TASK STATEMENT => Without any images, output the records below verbatim.

============================================================

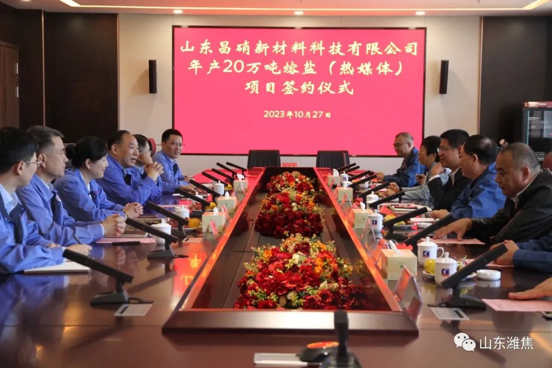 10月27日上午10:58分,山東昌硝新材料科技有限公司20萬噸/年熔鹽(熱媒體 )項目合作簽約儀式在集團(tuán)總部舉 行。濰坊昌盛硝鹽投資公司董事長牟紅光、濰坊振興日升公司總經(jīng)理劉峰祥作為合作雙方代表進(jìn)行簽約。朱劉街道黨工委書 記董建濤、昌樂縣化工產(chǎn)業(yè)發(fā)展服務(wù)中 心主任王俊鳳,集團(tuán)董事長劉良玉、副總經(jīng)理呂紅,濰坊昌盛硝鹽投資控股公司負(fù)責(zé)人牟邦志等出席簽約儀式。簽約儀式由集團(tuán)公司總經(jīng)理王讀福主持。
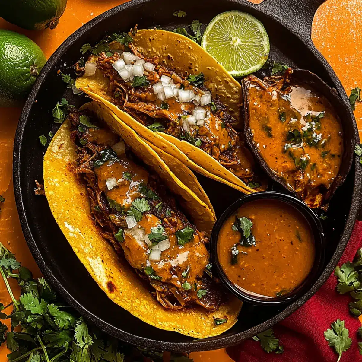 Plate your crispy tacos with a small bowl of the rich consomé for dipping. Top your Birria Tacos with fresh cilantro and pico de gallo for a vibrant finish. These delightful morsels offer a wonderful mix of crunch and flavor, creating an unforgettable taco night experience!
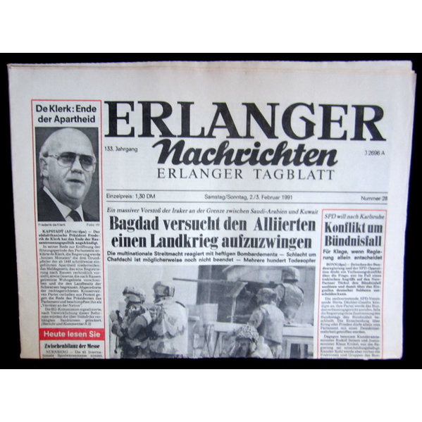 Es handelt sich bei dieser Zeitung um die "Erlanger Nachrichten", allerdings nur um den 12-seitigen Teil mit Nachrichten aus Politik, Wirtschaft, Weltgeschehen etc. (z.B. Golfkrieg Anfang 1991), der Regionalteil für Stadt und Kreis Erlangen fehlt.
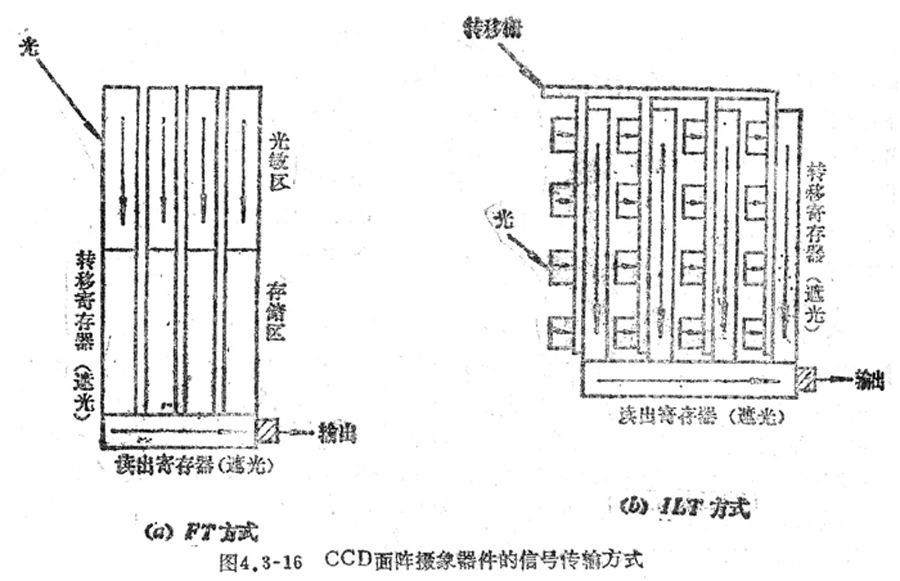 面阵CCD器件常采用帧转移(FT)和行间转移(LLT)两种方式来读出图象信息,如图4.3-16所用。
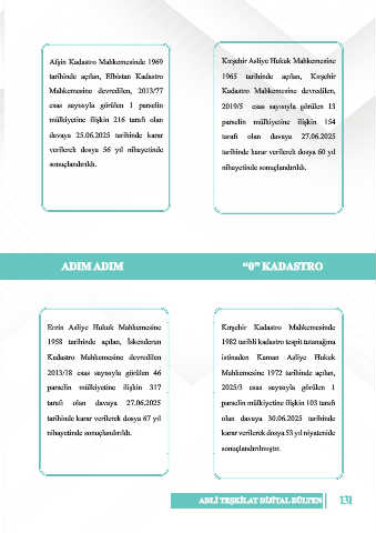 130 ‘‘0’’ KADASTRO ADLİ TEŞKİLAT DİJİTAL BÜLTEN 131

============================================================

RESULT BELOW =>
 10月27日上午10:58分,山東昌硝新材料科技有限公司20萬噸/年熔鹽(熱媒體 )項目合作簽約儀式在集團(tuán)總部舉 行。濰坊昌盛硝鹽投資公司董事長牟紅光、濰坊振興日升公司總經(jīng)理劉峰祥作為合作雙方代表進(jìn)行簽約。朱劉街道黨工委書 記董建濤、昌樂縣化工產(chǎn)業(yè)發(fā)展服務(wù)中 心主任王俊鳳,集團(tuán)董事長劉良玉、副總經(jīng)理呂紅,濰坊昌盛硝鹽投資控股公司負(fù)責(zé)人牟邦志等出席簽約儀式。簽約儀式由集團(tuán)公司總經(jīng)理王讀福主持。
 Plate your crispy tacos with a small bowl of the rich consomé for dipping. Top your Birria Tacos with fresh cilantro and pico de gallo for a vibrant finish. These delightful morsels offer a wonderful mix of crunch and flavor, creating an unforgettable taco night experience!
 Es handelt sich bei dieser Zeitung um die "Erlanger Nachrichten", allerdings nur um den 12-seitigen Teil mit Nachrichten aus Politik, Wirtschaft, Weltgeschehen etc. (z.B. Golfkrieg Anfang 1991), der Regionalteil für Stadt und Kreis Erlangen fehlt.
 面阵CCD器件常采用帧转移(FT)和行间转移(LLT)两种方式来读出图象信息,如图4.3-16所用。
 130 ‘‘0’’ KADASTRO ADLİ TEŞKİLAT DİJİTAL BÜLTEN 131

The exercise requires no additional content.